Any use of the Services or any other action that causes a disruption in the network integrity of Key2IP or its vendors, whether directly or indirectly, is strictly prohibited and could result in termination of the Services. End-User understands that neither Key2IP nor its vendors are responsible for the content of the transmissions that may pass through the Internet and/or the Services. End-User agrees that it will NOT use the Services in ways that violate laws, infringe the rights of others, or interfere with the users, services, or equipment of the network. End-User agrees and represents that it is purchasing the Services and/or the Equipment for its own internal use only, and shall not resell, transfer or make a charge for the Services or the Equipment without the advance express written permission of Key2IP. Use of service shall not include certain activities including, but not limited to, any autodialing, continuous or extensive call forwarding, continuous connectivity, fax broadcast, fax blasting, telemarketing or any other activity that would be inconsistent with residential or small business usage, unless specifically agreed to otherwise in writing by Key2IP and End-User.

9. TERMINATION

9.1 NOTICE

End-User agrees to provide Key2IP with thirty (30) days written notice of termination. End-User shall be responsible for the full monthly service fee for the month during which the notice of termination of service is provided to Key2IP.

9.2 RESERVED RIGHTS

Key2IP reserves the right, at its sole discretion, to suspend, terminate or change the Services without advanced notice for any reason, including without limitation, misuse of the Services in any way, End-User’s breach of this Agreement, End-User’s failure to pay any sum due hereunder, suspected fraud or other activity by End-User that adversely affects the Services, Key2IP, Key2IP’s network or other End-Users’ use of the Services. Key2IP reserves the right to determine, at its sole discretion, what constitutes misuse of the Services and End-User agrees that Key2IP’s determination is final and binding on End-User. Key2IP may require an activation fee to change or resume a terminated or suspended account.

9.3 TERMINATION CHARGES

End-User may terminate Service prior to the end of the Service Term upon thirty (30) days prior written notice to Key2IP (with sufficient detail necessary to identify the affected Service). In the event that, after either the original End-User Commit Date (if End-User requests and Key2IP agrees to a delay in delivery of a particular Service) or End-User’s receipt of the Connection Notice for a particular Service (whichever occurs first) and prior to the end of the Service Term, End-User terminates Service or in the event that the delivery of Service is terminated by Key2IP as the result of an uncured default by End-User of this Agreement, End-User shall pay Key2IP a termination charge equal to the sum of:

  • All unpaid amounts for Service provided through the date of termination;
  • Any third party cancellation/termination charges related to the installation and/or termination of any Off-Net Service;
  • The non-recurring charges for any cancelled Service, if not already paid;
  • For any On-Net Service, the percentage of the monthly recurring charges for the terminated On-Net Service calculated from the effective date of termination as 100% of the remaining monthly recurring charges that would have been incurred for the On-Net Service for months 1-12 of the Service Term, plus 50% of the remaining monthly recurring charges that would have been incurred for the On-Net Service for months 13 through the end of the Service Term.
  • The Parties acknowledge that the cancellation or termination charges set forth in this Section are a genuine estimate of the actual damages that Key2IP will suffer and are not a penalty.
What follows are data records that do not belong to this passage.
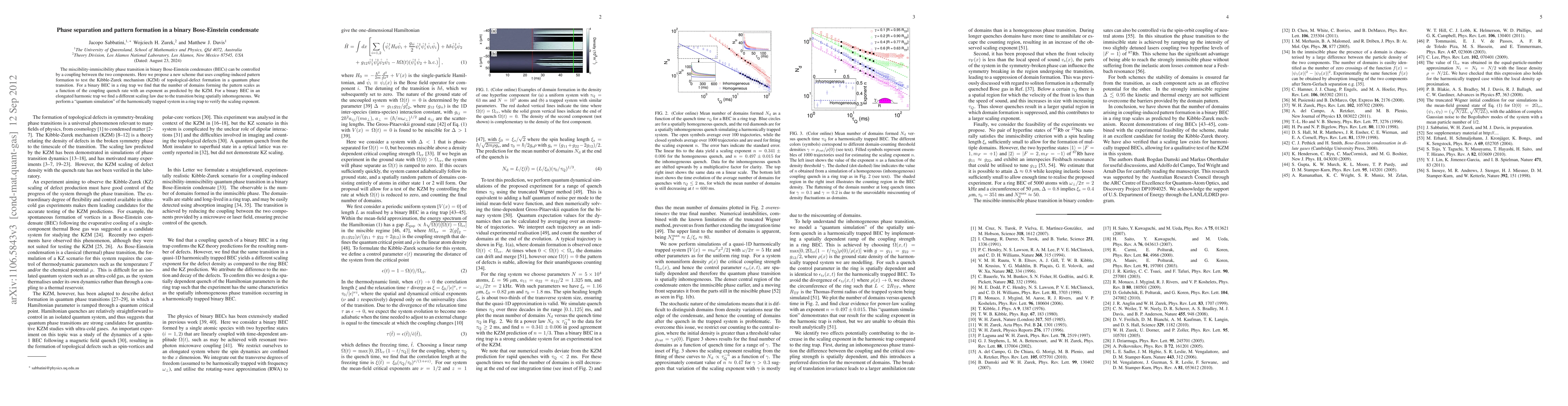 The paper presents a detailed analysis of phase separation and pattern formation in binary BECs, proposing a novel scheme for testing the Kibble-Zurek mechanism using coupling-induced pattern formation, and verifying scaling laws in both ring and harmonically trapped systems.
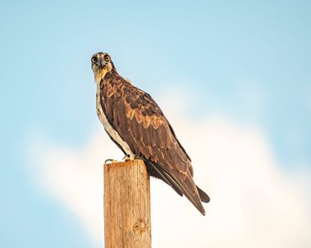 Osprey sitting on wooden pole against blue sky with clouds, Mexico
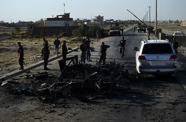 Afghan security personnel keep watch near the largest US military base in Bagram, 50 km north of Kabul, after an explosion on November 12, 2016. Four people were killed November 12 in an explosion inside the largest US military base in Afghanistan, NATO said, with local officials blaming a suicide attacker posing as a labourer for the major security breach. / AFP PHOTO / SHAH MARAI
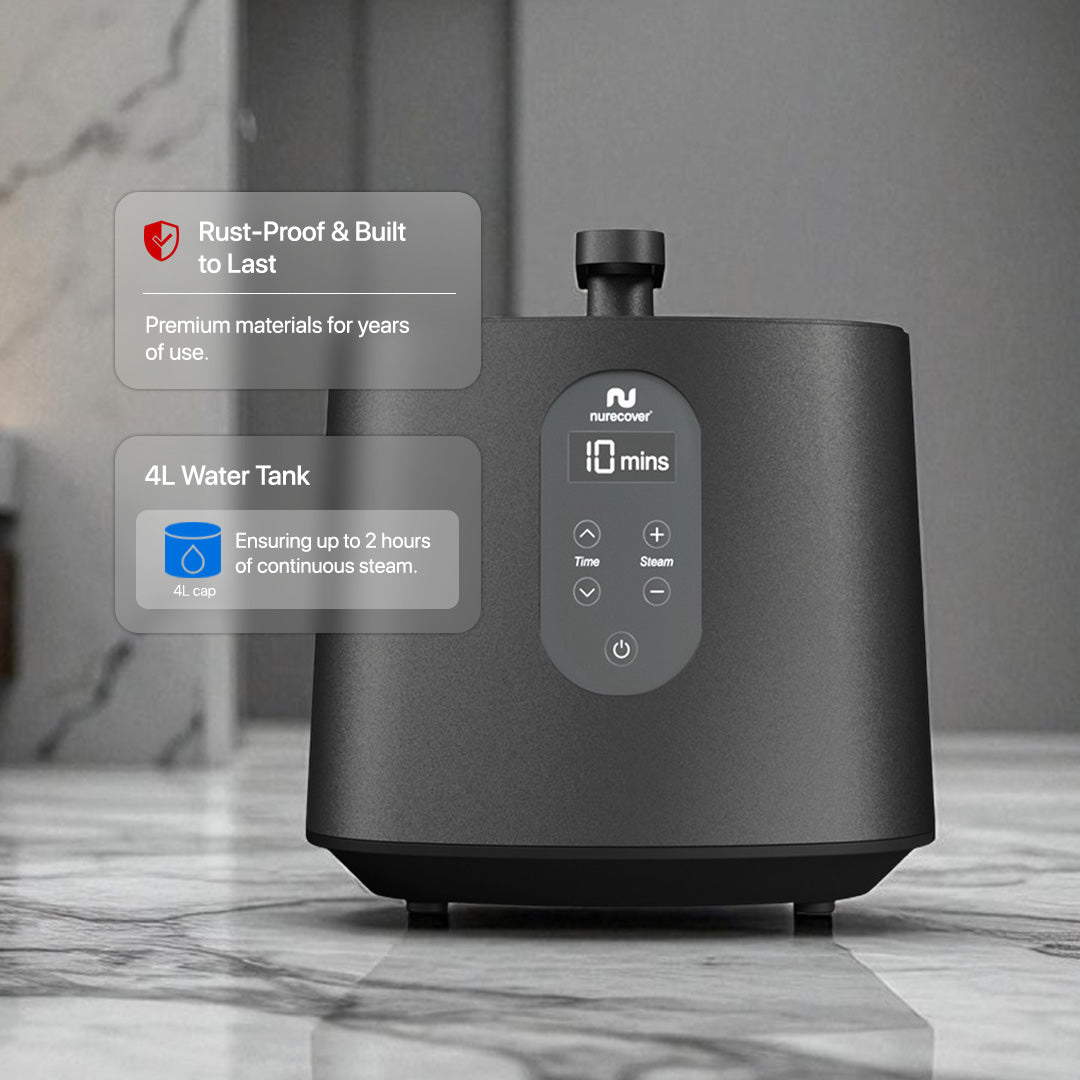 The SteamCore® works by heating water inside a secure 4L stainless-steel tank, bringing it to a boil and generating a steady flow of pure steam. That steam is then delivered safely into the sauna through a heat-resistant tube, filling the interior with deep, penetrating warmth.
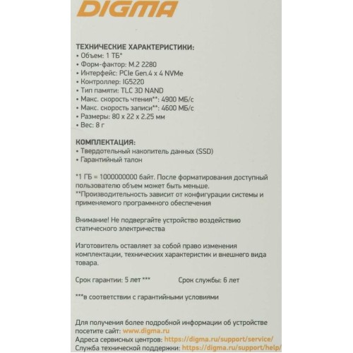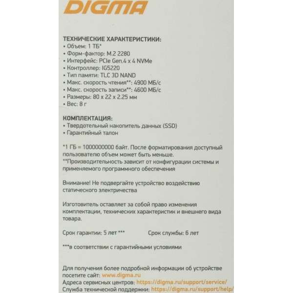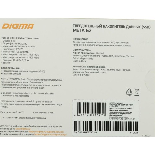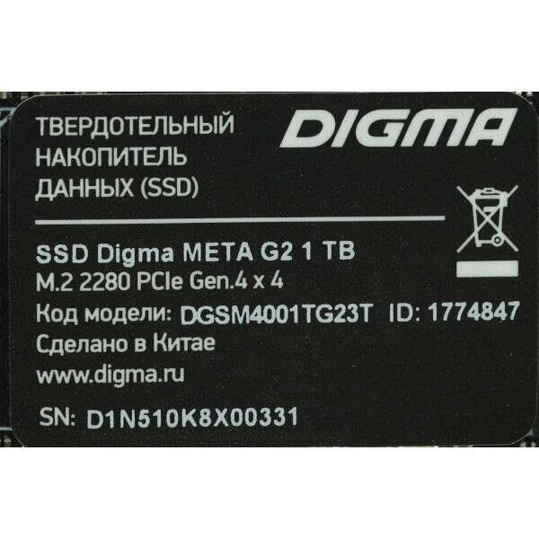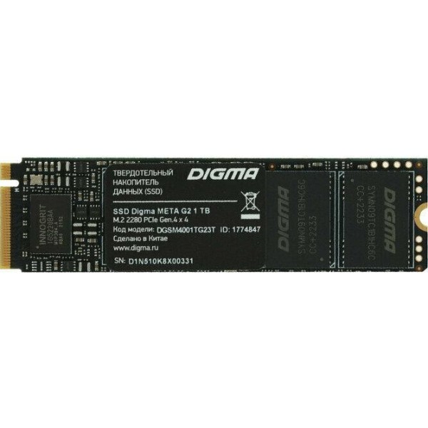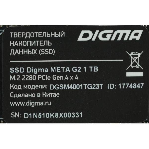 DIGMA SSD накопитель Meta G2 DGSM4001TG23T 1ТБ, M.2 2280, PCIe 4.0 x4, NVMe, M.2, rtl
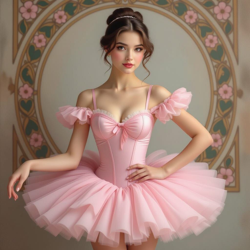 A realistic image of a young ballerina in a pink tutu striking an elegant pose. The artwork evokes the realism of classical art, with intricate detail and soft lighting.
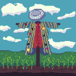 @Pixel_Dailies #Pixel_dailies #pixelart An #armour #storefront in which the employee looks kinda wierd like an #insect in disguise, so you better not touch his #kitsch statue or he'll be mad at you.
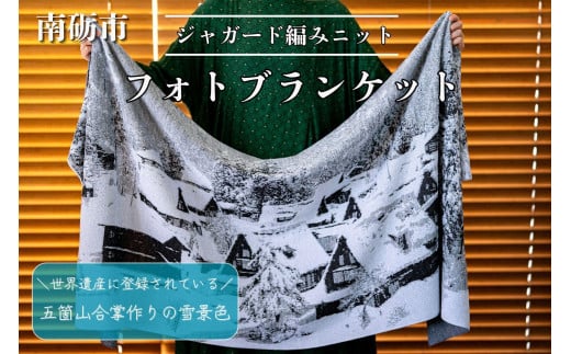 五箇山合掌造りの雪景色をジャガード編みで表現したニットブランケット【約190cm×約70cm】
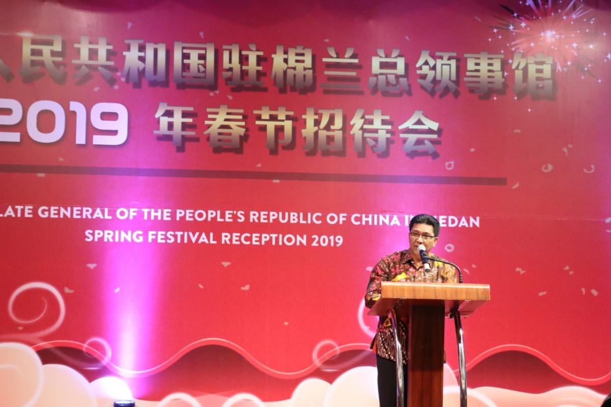 Festival Musim Semi, dikenal sebagai Tahun Baru China adalah festival tradisional yang paling penting masyarakat Tiongkok. Tampak hadir dan memberi sambutan pada perhelatan tersebut Konjen Tiongkok di Medan, Sung An.(ft)
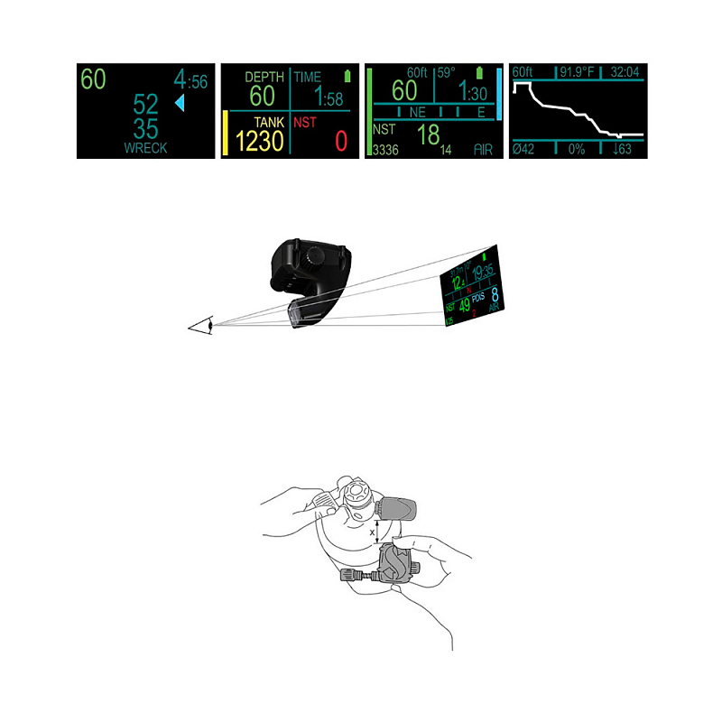 · режимы: Scuba (открытый цикл), ССR (замкнутый цикл), Apnea(фридайвинг), Gauge (измерительный прибор)
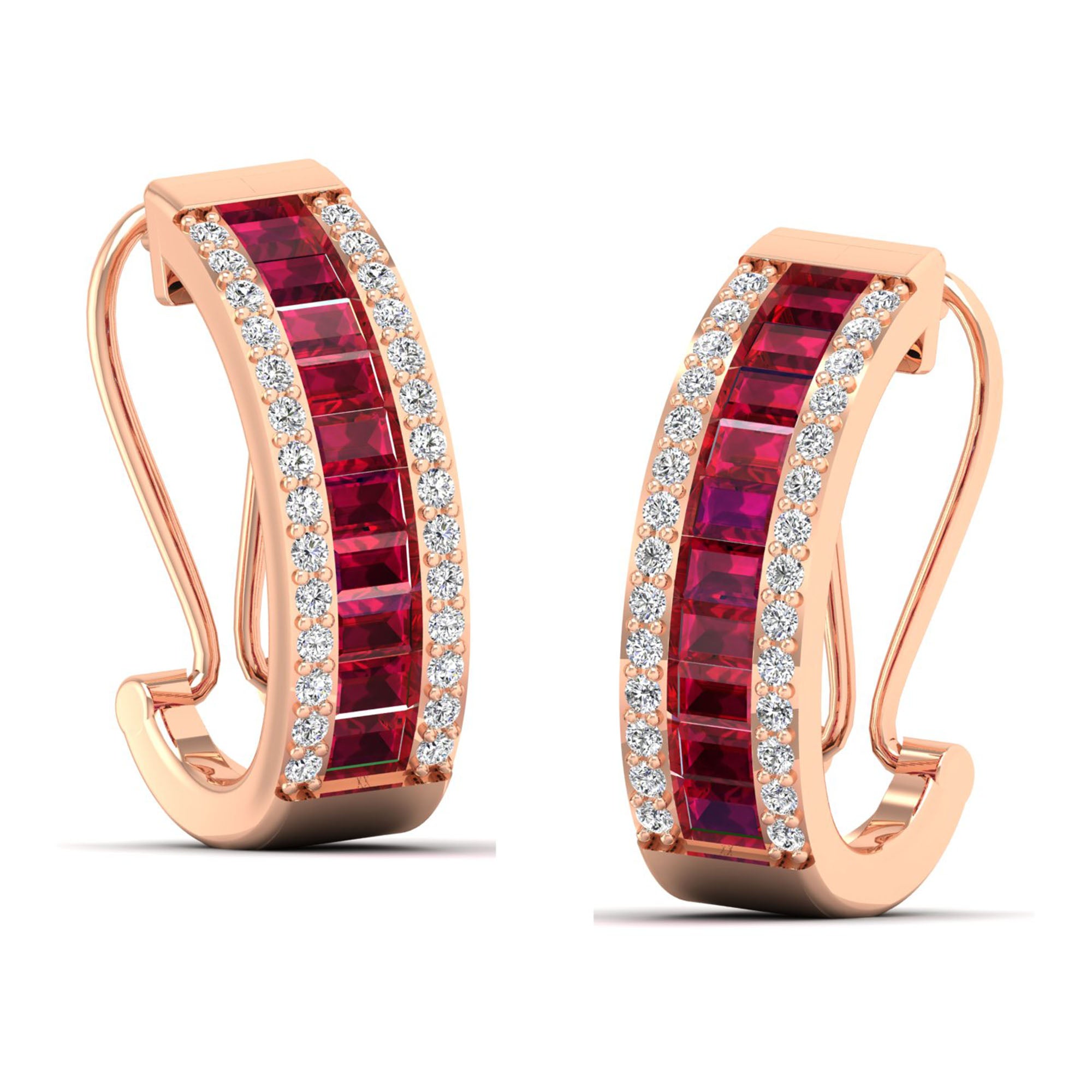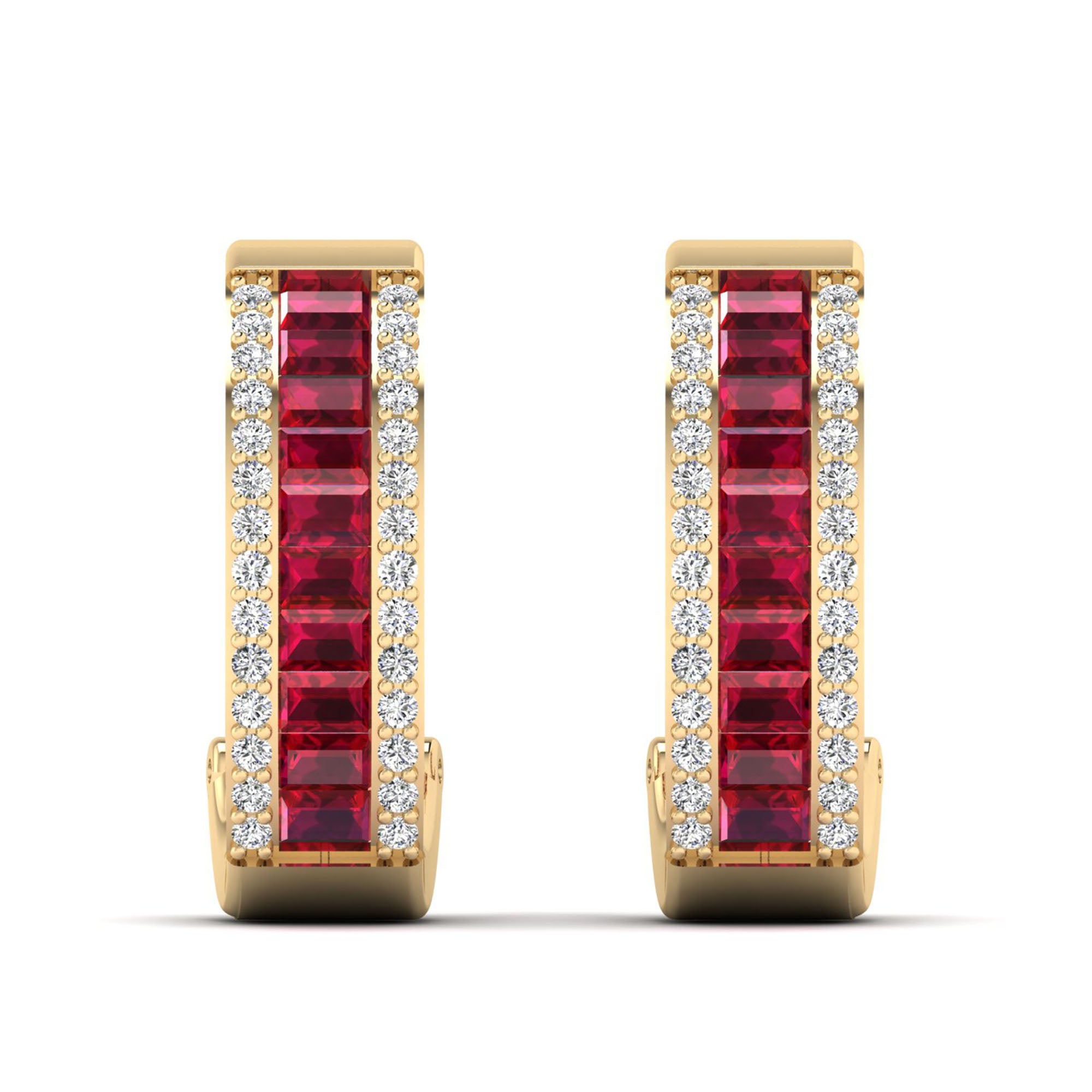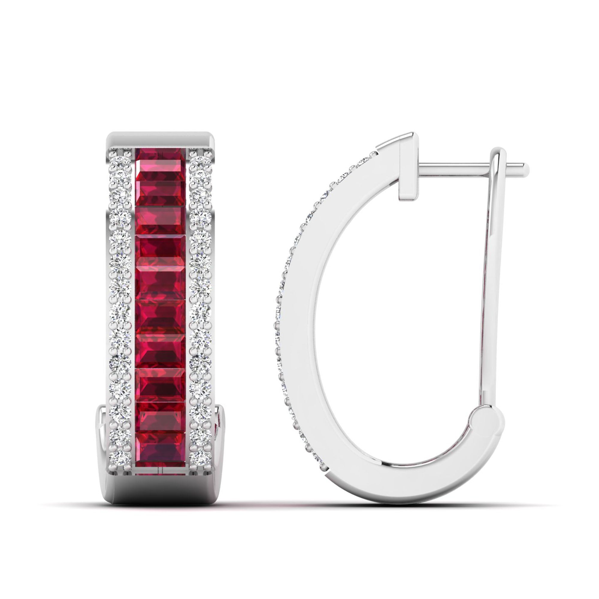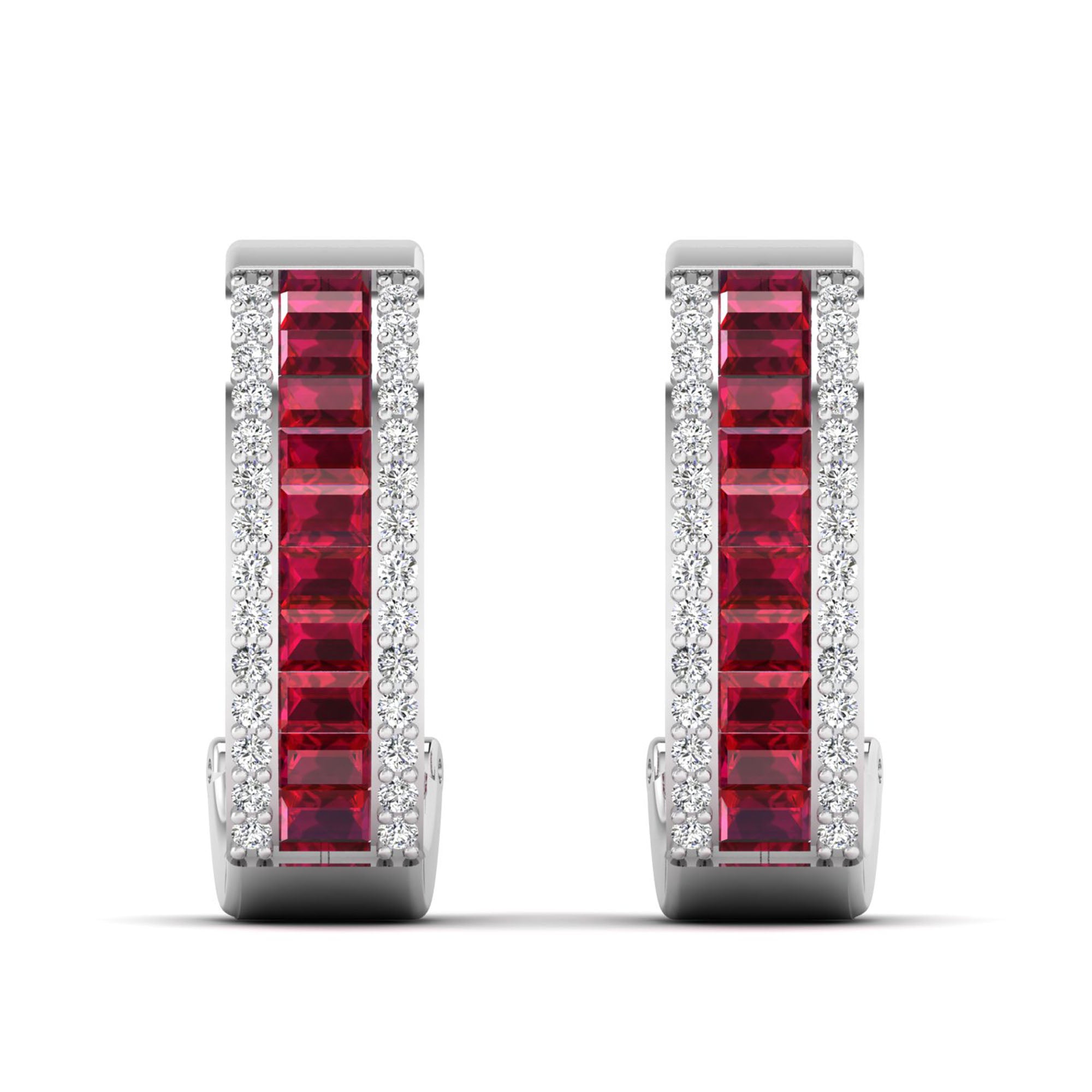 Baguette Ruby and Cluster Diamond Hoop Earrings

End-User acknowledges that the cancellation or termination charges set forth are a genuine estimate of the actual damages that Key2IP will suffer and are not a penalty.

10. PRIVACY

Key2IP utilizes the public Internet and third party networks to provide voice and video communication services. Accordingly, Key2IP cannot guarantee the security of voice and video communications of End-User. Key2IP is committed to respecting End-User’s privacy. Once End-User chooses to provide personally identifiable information, it will only be used in the context of the End-User’s relationship with Key2IP. Key2IP will not sell, rent, or lease End-Users’ personally identifiable information to others. Unless required by law or subpoena or if End-User’s prior permission is obtained, Key2IP will only share the personal data of End-User with business partners that are acting on Key2IP’s behalf to complete the activities described herein. Such Key2IP entities and/or national or international business partners are governed by Key2IP’s privacy policies with respect to the use of this data. Upon the appropriate request of a government agency, law enforcement agency, court or as otherwise required by law, Key2IP may disclose personally identifiable information.

11. TECHNICAL SUPPORT

Key2IP will make available technical support to End-Users via telephone and e-mail for the Services and the Equipment provided. Support for other applications and uses is not provided or implied unless agreed to in writing by Key2IP and End-User.

12. BREACH

In the event of End-User’s breach of the terms of the Agreement, including without limitation, failure to pay any sum due hereunder, End-User shall reimburse Key2IP for all attorney, court, collection and other costs incurred by Key2IP in the enforcement of Key2IP’s rights hereunder and Key2IP may keep any deposits or other payments made by End-User.

13. INDEMNIFICATION

End-User agrees to defend, indemnify and hold Key2IP, its affiliates and its vendors harmless from any claims, damages and/or cost (including attorneys’ fees) resulting from End-User’s violation of this Agreement or any activity related to End-User’s account.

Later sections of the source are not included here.